*** Source material Section Begins ***

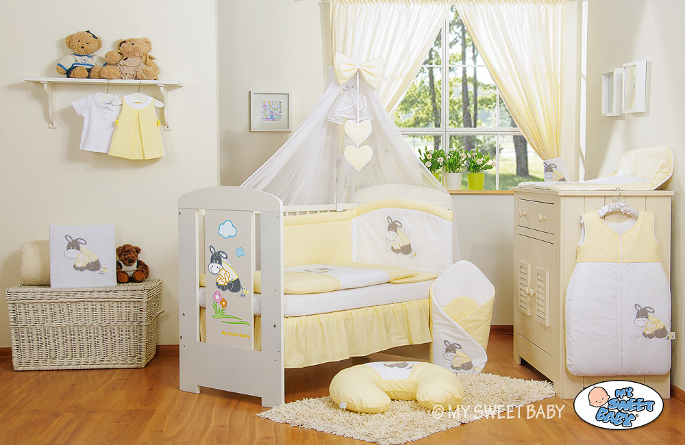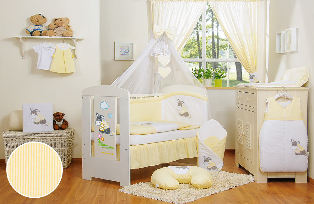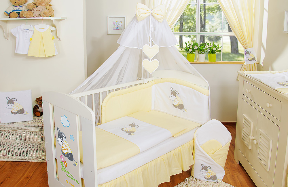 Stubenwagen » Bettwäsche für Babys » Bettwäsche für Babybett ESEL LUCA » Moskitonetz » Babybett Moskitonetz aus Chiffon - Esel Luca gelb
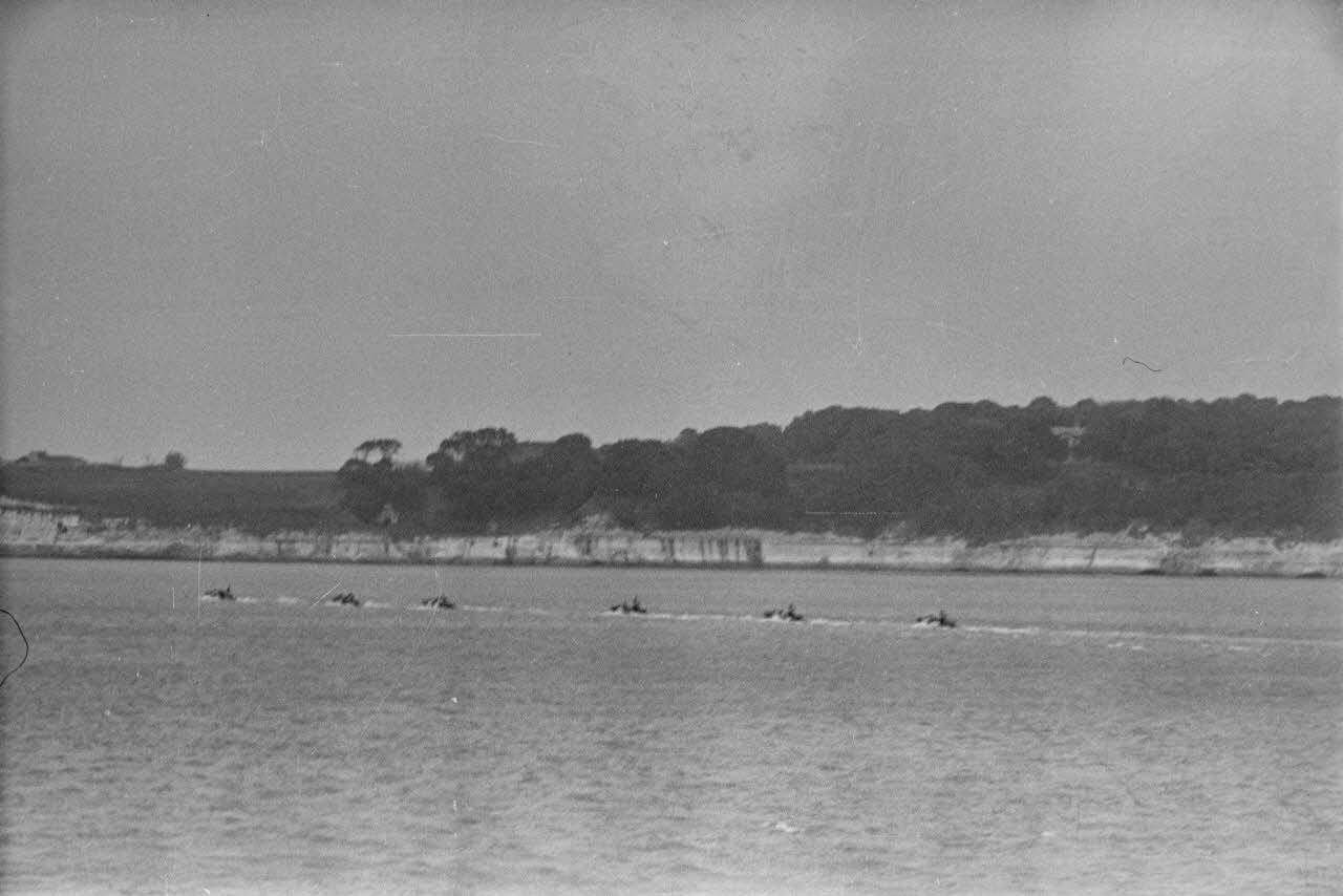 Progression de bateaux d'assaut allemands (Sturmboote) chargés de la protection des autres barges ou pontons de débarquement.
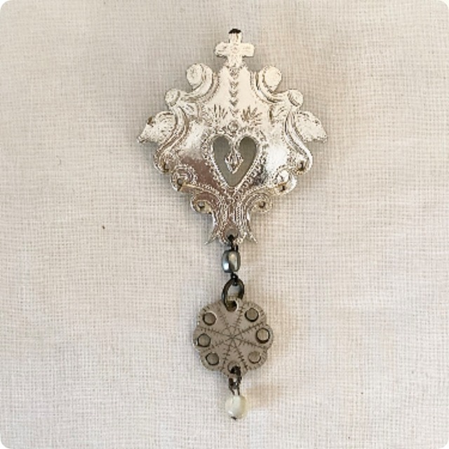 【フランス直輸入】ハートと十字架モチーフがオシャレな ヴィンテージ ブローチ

*** Source material Section Ends ***

▶ What the exercise asks
Quote the data above in full, leaving out the pictures it holds.

▶ Task solution
 Stubenwagen » Bettwäsche für Babys » Bettwäsche für Babybett ESEL LUCA » Moskitonetz » Babybett Moskitonetz aus Chiffon - Esel Luca gelb
 Progression de bateaux d'assaut allemands (Sturmboote) chargés de la protection des autres barges ou pontons de débarquement.
 【フランス直輸入】ハートと十字架モチーフがオシャレな ヴィンテージ ブローチ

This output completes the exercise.